YOUR GOAL -
The lines to be extracted begin at the line containing "MEXEN/S - Kevin" and end at the last line of the data below; copy them exactly and leave out the pictures.

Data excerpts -
○ ○ ○ ○ ○

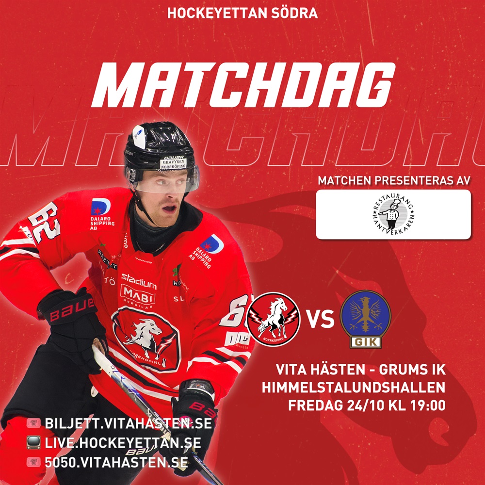 Veckan rundas av på bästa sätt – med hemmamatch i Himmelstalundshallen! Vita Hästen tar emot Grums IK i en het drabbning i Hockeyettan Södra, och vi hoppas på ny seger inför hemmapubliken.
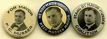 Campaign buttons for Mayor in Lancaster, PA - Frank Custer Musser
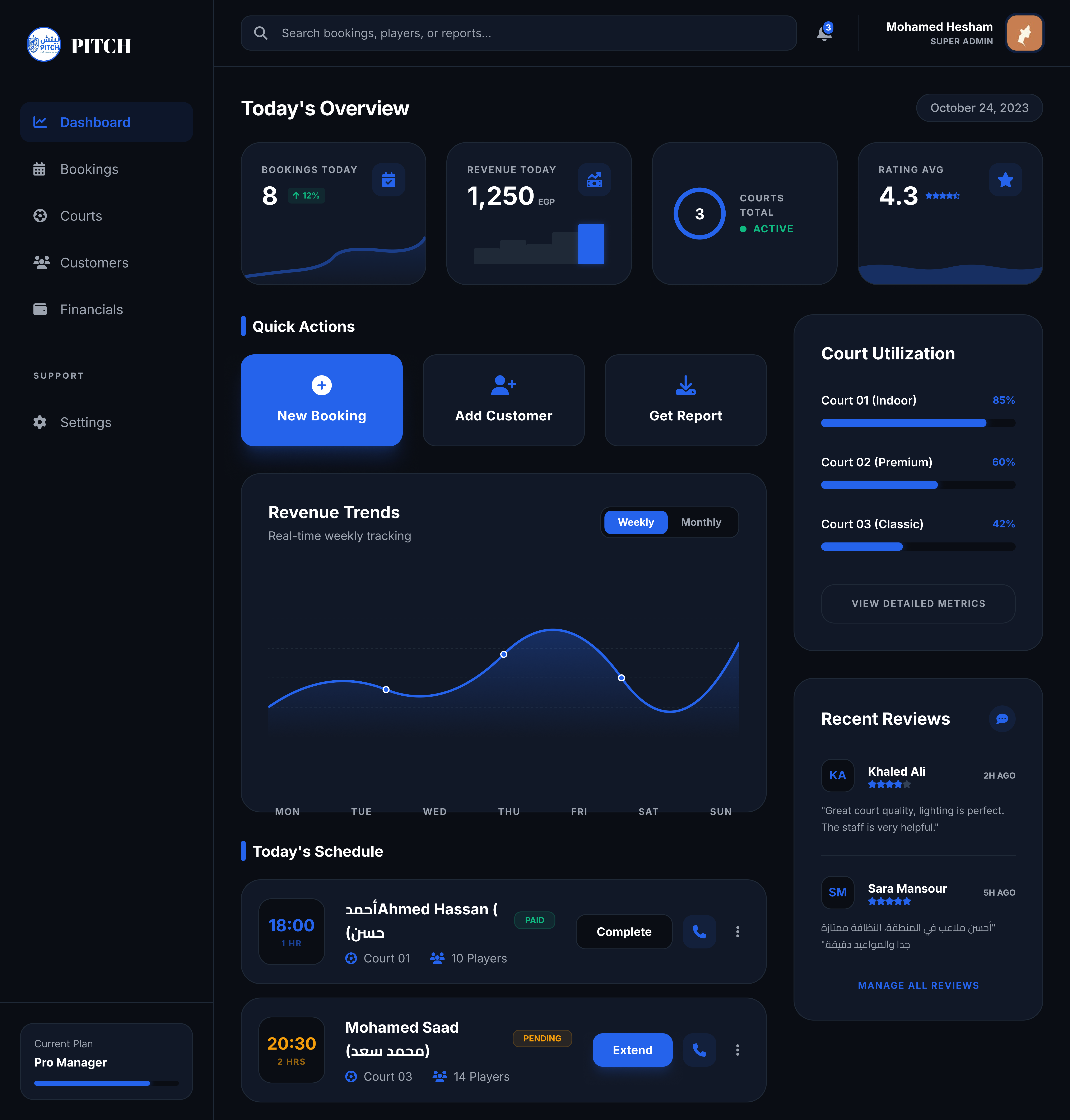 PITCH - Sports Facility Management Dashboard
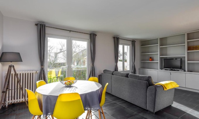 2 bed House near Disneyland Paris is located in Montry, just 3.4 miles from Disneyland Paris and 4.2 miles from Val d'Europe RER Station. Both free Wifi and parking on-site are available at the apartment free of charge. Domaine de Chaalis is 25 miles from the apartment and Gare de Lyon is 26 miles away. Offering a balcony and garden views, the apartment includes 2 bedrooms, a living room, satellite flat-screen TV, an equipped kitchen, and 1 bathroom with a shower. Towels and bed linen are featured in the apartment. The property has an outdoor dining area. Guests can also relax in the garden or on the sun terrace. Opéra Bastille is 27 miles from 2 bed House near Disneyland Paris, while Pompidou Center is 28 miles from the property. Paris - Charles De Gaulle Airport is 16 miles away, and the property offers a paid airport shuttle service.
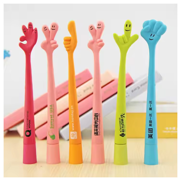 Armas ja armas kohandatud logoga trükitud 1,0 mm plastikust pastapliiats。Lõbus ja värviline sõrmekujuline pastapliiats kohandatud logotrükiga. Loominguline 1,0 mm kirjutustööriist, mis sobib suurepäraselt lastele, reklaamidele, pidudele või koolikingitustele. Vastupidav plastikust korpus, sujuv tindivool ja armas disain, mis kõigile meeldib.
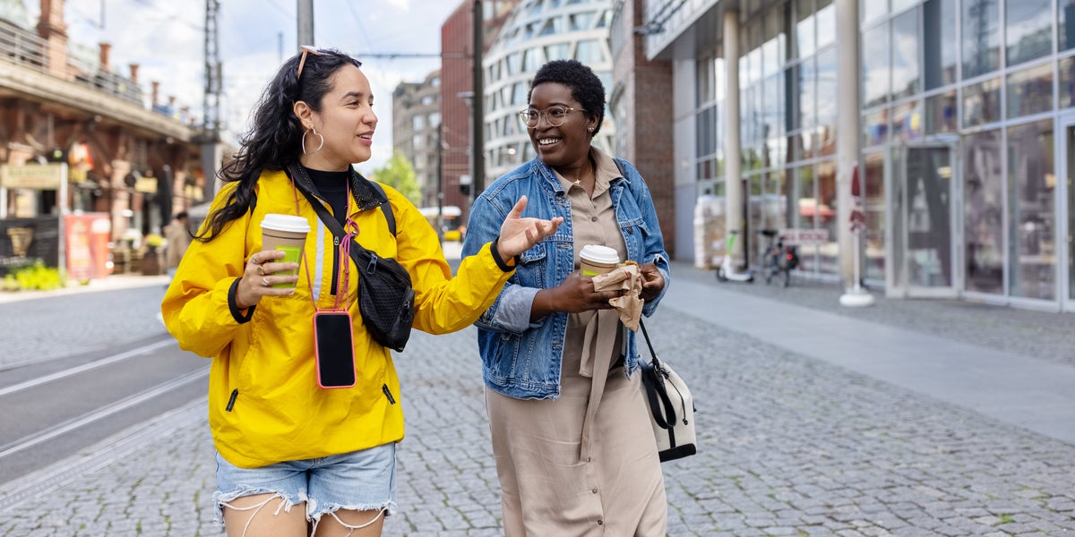 Interrupting others mid-conversation to share a relevant story is a social habit many people with ADHD can’t help but engage in. Luis Alvarez via Getty Images
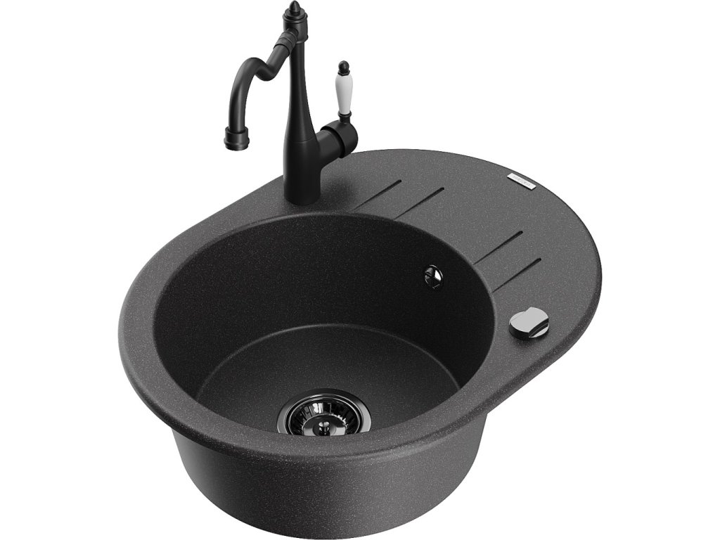 MEXEN/S - Kevin granitový dřez 1-miska s odkapávačem včetně baterie Carla, černá kropenatá 6517-76-670700-70-B
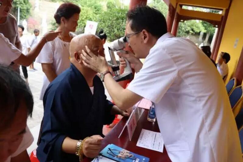 文阿姨的女兒對(duì)義診活動(dòng)大加贊賞,“趁著假期,一方面來(lái)寺院里拜拜,放空一下心情;一方面把家里的一些舊衣物拿來(lái)接濟(jì)需要的人。其實(shí),我時(shí)常參加寺里的一些慈善項(xiàng)目,比如關(guān)懷福利院兒童與老人、賑災(zāi)救難、公益環(huán)保之類的。沒(méi)想到今天遇到你們的義診活動(dòng),我們?nèi)胰硕紮z查了眼睛。消災(zāi)大法會(huì)是消災(zāi)解禍,眼疾篩查也是消災(zāi)解禍。你們這樣做公益送光明,也是功德無(wú)量。”

○ ○ ○ ○ ○

ANSWER BOX -
 MEXEN/S - Kevin granitový dřez 1-miska s odkapávačem včetně baterie Carla, černá kropenatá 6517-76-670700-70-B
 文阿姨的女兒對(duì)義診活動(dòng)大加贊賞,“趁著假期,一方面來(lái)寺院里拜拜,放空一下心情;一方面把家里的一些舊衣物拿來(lái)接濟(jì)需要的人。其實(shí),我時(shí)常參加寺里的一些慈善項(xiàng)目,比如關(guān)懷福利院兒童與老人、賑災(zāi)救難、公益環(huán)保之類的。沒(méi)想到今天遇到你們的義診活動(dòng),我們?nèi)胰硕紮z查了眼睛。消災(zāi)大法會(huì)是消災(zāi)解禍,眼疾篩查也是消災(zāi)解禍。你們這樣做公益送光明,也是功德無(wú)量。”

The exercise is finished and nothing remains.